Nel mondo dell'inchiesta giornalistica il talento da solo non basta. Occorre metodo, disciplina e soprattutto la capacità di trasformare ogni domanda in uno strumento di ricerca della verità. È con questa filosofia che esce nelle librerie il prossimo 27 marzo 'Cento tecniche segrete del giornalista investigativo. Domande, strategie e consigli pratici per arrivare alla verità', pubblicato da Oligo a cura di Alessandro Politi. Un volume di 280 pagine al prezzo di 20 euro che vanta le prefazioni di due nomi di rilievo del giornalismo d'inchiesta: Gianluigi Nuzzi ha scritto l'introduzione, mentre Alfonso Sabella ha curato la postfazione.

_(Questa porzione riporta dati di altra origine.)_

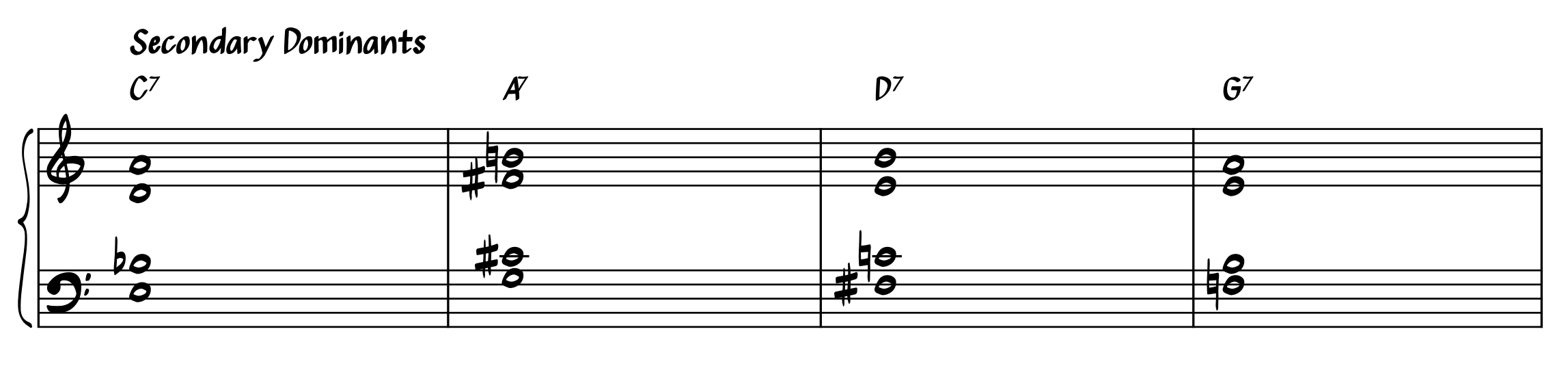 Step 2: Swap any of the minor chords for dominants. This creates a chain of secondary dominants going around the circle of fifths.
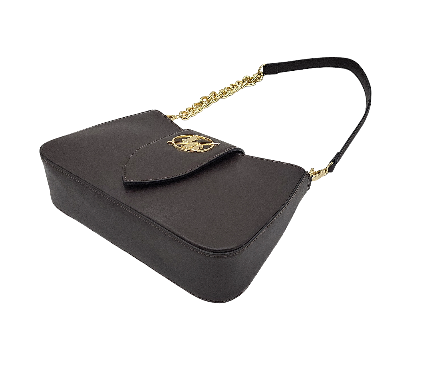 Bardzo lekki, wygodny model z klapką zamykaną na magnes. Jednokomorowe wnętrze zamykane na zamek. Wysokiej jakości podszewka z kieszonką zamykaną na suwak. Torebka mieszcząca duży portfel. Model jest usztywniony. Charakteru całości dodają złote okucia.

L'opera non è una raccolta di aneddoti o storie affascinanti dal mondo dell'investigazione giornalistica. Si tratta piuttosto di una guida strutturata e operativa rivolta tanto a chi muove i primi passi in questo ambito quanto a professionisti esperti che desiderano affinare le proprie competenze. Al cuore del libro si trovano cento tecniche concrete, ciascuna pensata per accompagnare il giornalista attraverso ogni fase del processo investigativo: dalla preparazione della sessione di ascolto alla gestione delle fonti, fino alla decodificazione del linguaggio del corpo e alla costruzione di un dialogo capace di far emergere informazioni che gli intervistati preferirebbero mantenere nascoste.

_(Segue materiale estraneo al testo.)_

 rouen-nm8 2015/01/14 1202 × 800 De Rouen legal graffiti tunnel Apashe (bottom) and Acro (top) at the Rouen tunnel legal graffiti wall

Per Politi il principio fondamentale è inoppugnabile: l'improvvisazione è il nemico dell'inchiesta. Come scrive l'autore, senza un approccio metodico il giornalismo rischia di diventare semplice rumore, e il rumore non ricerca la verità, la nasconde. Proprio per questo il manuale propone un approccio sistematico che contamina il lavoro del cronista con competenze provenienti da discipline affini: dalla psicologia della comunicazione alle neuroscienze cognitive, dallo studio delle emozioni al diritto processuale, senza dimenticare criminologia e criminalistica.

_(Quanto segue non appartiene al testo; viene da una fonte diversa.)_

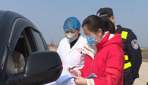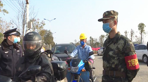在S208省道云溪与临湘交界处的江南镇防疫检查点执勤的队伍中有一名叫徐凰林的“休假军人”,从初三上阵至今,几乎没有休息过。除了负责值守,他还是江南镇儒溪社区开展追访武汉返临人员工作的“主力军”。而此时,他的爱人何琦钊正在黄盖镇上门入户,开展外地回临人员的访视、检测工作。
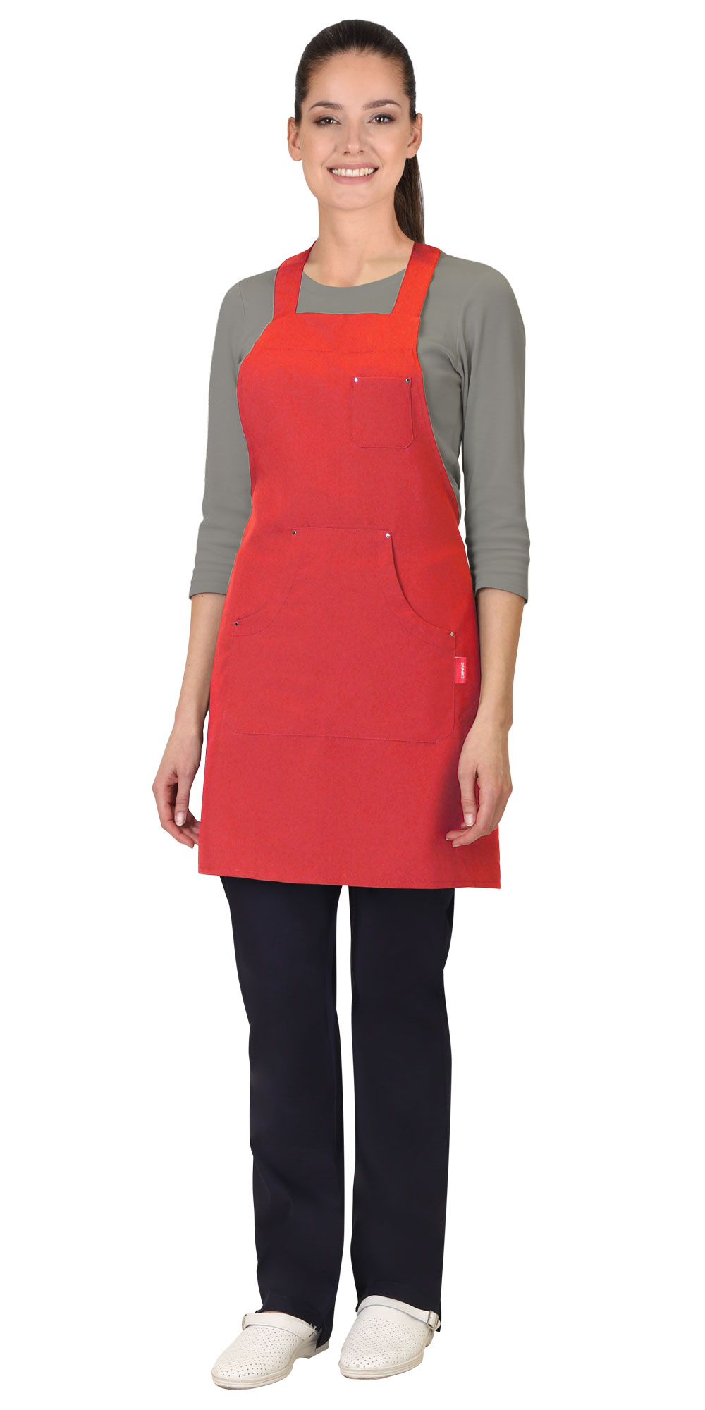 Фартук с цельновыкроенным нагрудником, с прямой линией низа и прямыми боковыми сторонами, с боковыми завязками для регулировки фартука на фигуре по объему, и с шейной бретелью, застёгивающейся сзади на 3 кнопки справа налево для регулировки длины бретели по горловине. Боковые бретели входят в шов подгибки боковых сторон фартука, шейные бретели - в шов обтачивания верхнего среза фартука. По центру полотна фартука накладной фигурный карман с двумя боковыми входами овальной формы. Входы в карман обтачаны обтачкой. По концам входа в карманы установлены хольнитены.

Un momento cruciale di ogni indagine giornalistica rimane l'intervista. È nel corso di questo confronto diretto che il reporter tenta di ricomporre il puzzle della realtà parlando con chi dispone, o sostiene di disporre, di informazioni determinanti per comprendere un evento. È uno spazio dove ascolto, empatia, tempismo e capacità di cogliere segnali apparentemente marginali diventano armi essenziali del mestiere. Nella sua introduzione Nuzzi sottolinea proprio questa delicatezza: durante l'intervista il giornalista deve assumere molteplici ruoli, da psicologo a confidente, da osservatore attento a facilitatore, per estrarre informazioni che spesso restano sepolte sotto strati di reticenza o imbarazzo.